First Tattoo Aftercare: A Day-by-Day Routine You Won't Forget

If this is your first tattoo, the aftercare is simpler than it feels — the hard part is being consistent for three to four weeks, not knowing some secret technique. I'm the developer of InkCare, the iPhone app I built for exactly this: it takes the instructions your artist gave you and turns them into timed reminders so you don't have to hold the whole schedule in your head. This page walks through what a first-timer's routine actually looks like, and where the app fits.

First, the rule that overrides everything else here: always follow your tattoo artist's specific aftercare instructions. They worked on your skin and know what they used. The routine below is the general shape; your artist's sheet is the real plan.

The one thing to get right: do the routine, every day

Nobody messes up a first tattoo by washing it slightly wrong. People run into trouble by stopping aftercare halfway because life got busy and the steps blurred together. So the whole job is: a short, repeatable routine you actually do. Three steps repeat through healing — wash, moisturize, protect — and the frequency tapers as you heal.

A general day-by-day shape (your artist's plan wins)

Here's how the routine typically changes across the stages InkCare models.
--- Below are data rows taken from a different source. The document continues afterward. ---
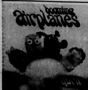
the Rankin Family COLLECTION

Album: Nice, light, and easy to absorb, the Atlantic Canadian band booming airplanes spin forth 12 tunes of traditional-flavoured pop/rock on their major label debut, Yarn . The group, all in their early 20s, have produced a work in which underlying meanings and messages aren't the focal point for this project; mellow-sounding tunes and heartening guitar chords are the true highlights to this album's progress. From the brisk upbeat single "Silver Lining" to the foreboding sounds of "Undone," the band produces music and lyrics that help them rise above the status of a mere bar band. With elements of The Skydiggers, The Grapes of Wrath and Sloan appearing throughout the album, the booming airplanes should fare well with fans of the genre.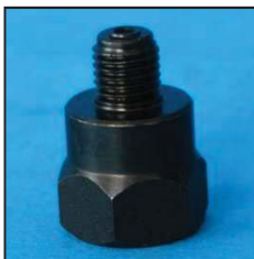
AAZ034-20 Adaptor pressure sensor SIEMENS - BOSCH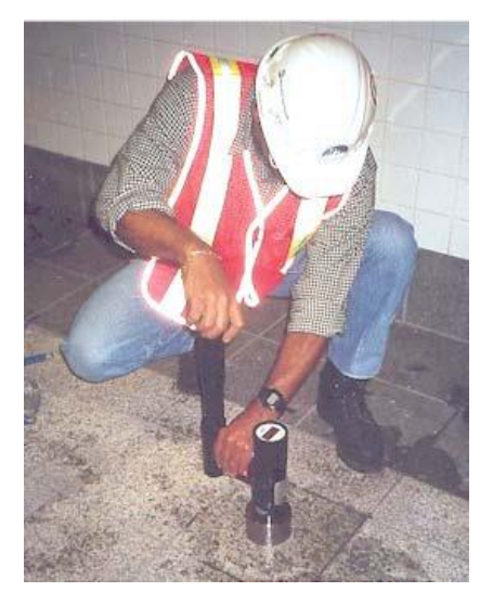
BOND-TEST being performed on granite tiles in a subway station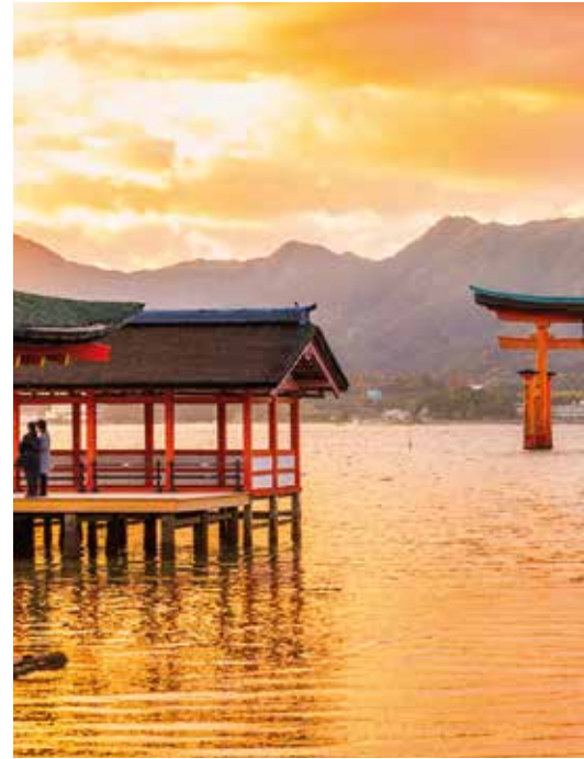
Torii Gate at Itsukushima Shrine, Miyajima

The cherry blossom (sakura) is Japan's unofficial national flower. It has been celebrated for many centuries and takes a very prominent position in Japanese culture. This, along with the many gardens, shrines and temples, makes spring the perfect season to glimpse some of the facets of modern Japanese life and cultural achievements.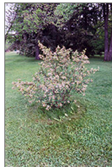
Black Chokeberry in bloom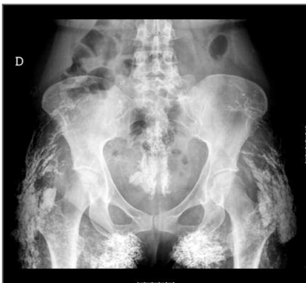
FIGURE 1. Extensive calcinosis lesions – hips

She was submitted to muscular and skin biopsy (left deltoid). The histology of the skin showed a discrete perivascular lymphoid infiltrate and slight hyperkera-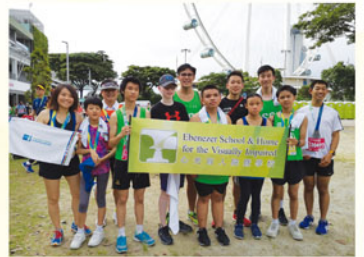
順利完成比賽 We've finished the race!

Day ranges are approximate and vary by size, placement, and your body.

Stage Roughly What you're doing
Fresh Days 0–3 Gentle wash a few times a day, thin layer of moisturizer, keep it covered the first night as directed. The tattoo is an open wound here.
Peeling Days 4–14 Keep washing and moisturizing; it'll flake and itch. Do not pick or scratch.
Settling Days 15–30 Wash once a day, keep moisturizing, protect from direct sun. It may look cloudy — that's temporary.
Healed Day 30+ Routine winds down. Keep moisturizing and use sunscreen to keep it sharp.

How InkCare handles the remembering for you

The app exists so you're not setting eight phone alarms. Here's the real flow when you add your first tattoo:

  1. Add the tattoo. Name, date, artist, placement. InkCare immediately generates a default wash/moisturize/protect routine and starts at the Fresh stage.
  2. Match it to your sheet — or scan your artist's QR code if they made one, which loads their exact routine instead of the default.
  3. Get reminders. Local notifications fire for each step with a one-tap Done and a Snooze option. No reminder asks you to remember anything — it tells you what to do and when.
  4. Tap Done or Skip. Each tap feeds a daily completion percentage so you can see, honestly, whether you've been keeping up.
  5. Move the stage when it changes. When the flaking starts, you tap into Peeling and the reminders re-time themselves automatically to the lighter schedule.
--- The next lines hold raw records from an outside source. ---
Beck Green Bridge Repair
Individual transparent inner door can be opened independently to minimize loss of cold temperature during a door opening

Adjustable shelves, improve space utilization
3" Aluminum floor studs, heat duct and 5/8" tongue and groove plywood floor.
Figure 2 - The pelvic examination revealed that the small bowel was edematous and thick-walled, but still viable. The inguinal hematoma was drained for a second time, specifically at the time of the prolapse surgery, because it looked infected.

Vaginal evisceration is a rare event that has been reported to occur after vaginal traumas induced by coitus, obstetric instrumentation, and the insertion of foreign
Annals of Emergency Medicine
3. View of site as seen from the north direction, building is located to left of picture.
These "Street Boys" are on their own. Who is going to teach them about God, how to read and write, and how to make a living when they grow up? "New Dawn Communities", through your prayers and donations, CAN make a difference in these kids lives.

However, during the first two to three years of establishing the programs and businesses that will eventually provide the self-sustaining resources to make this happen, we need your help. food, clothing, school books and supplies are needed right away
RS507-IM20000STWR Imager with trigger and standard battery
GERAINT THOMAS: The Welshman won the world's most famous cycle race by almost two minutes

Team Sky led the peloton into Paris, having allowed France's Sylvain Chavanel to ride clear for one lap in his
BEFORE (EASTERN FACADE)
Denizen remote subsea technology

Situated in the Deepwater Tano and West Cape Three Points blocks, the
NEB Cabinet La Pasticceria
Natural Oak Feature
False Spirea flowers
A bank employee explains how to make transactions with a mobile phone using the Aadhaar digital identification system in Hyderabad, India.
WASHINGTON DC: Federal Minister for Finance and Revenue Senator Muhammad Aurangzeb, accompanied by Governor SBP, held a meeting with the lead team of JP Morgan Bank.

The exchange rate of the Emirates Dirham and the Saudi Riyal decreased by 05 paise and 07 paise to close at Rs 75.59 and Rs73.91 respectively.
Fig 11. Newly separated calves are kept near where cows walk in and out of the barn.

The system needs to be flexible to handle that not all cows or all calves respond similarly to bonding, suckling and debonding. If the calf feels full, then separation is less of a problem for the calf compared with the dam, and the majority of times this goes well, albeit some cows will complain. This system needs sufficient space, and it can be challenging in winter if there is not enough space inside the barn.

The honest part: you drive the stages, not the app

I want to be straight about a limitation, because it shapes how you use InkCare. The app does not detect your healing stage for you. It can't look at the tattoo or count days and decide you've moved from Fresh to Peeling — you tap to advance it. The day ranges above are approximate scaffolding, not a diagnosis. That's deliberate: your healing is yours, and a manual switch you control is more honest than a guess from elapsed days.

When to stop trusting an app and call a human

This matters most for a first tattoo, because you don't yet have a baseline for "normal." Some redness, swelling, and clear-ish oozing in the first days, then flaking and itch, is the usual arc. But spreading redness, increasing swelling and pain after the first few days, pus, or fever are not part of normal healing. InkCare lets you log symptoms with a severity, and a Severe entry shows an advisory to consult a professional — but it stops there on purpose. There's a fuller guide at normal healing vs. warning signs.

Honest limits for first-timers

  • InkCare is iPhone-only — no Android or Apple Watch app.
  • It's an organizer, not a medical tool: it can't detect infection or tell you a tattoo is healing "well."
  • Reminders depend on iOS notification behavior; if Do Not Disturb is on or you deny the permission, they won't fire as expected.
  • Stages are manual; timeframes are approximate.

InkCare is an educational tattoo aftercare companion. It does not provide medical advice, diagnosis, or treatment. Always follow your tattoo artist's specific aftercare instructions. Consult a healthcare professional if you experience signs of infection (excessive redness, swelling, pus, fever) or an allergic reaction. Healing stages and timeframes are approximate and general; every tattoo heals differently depending on size, placement, and your body.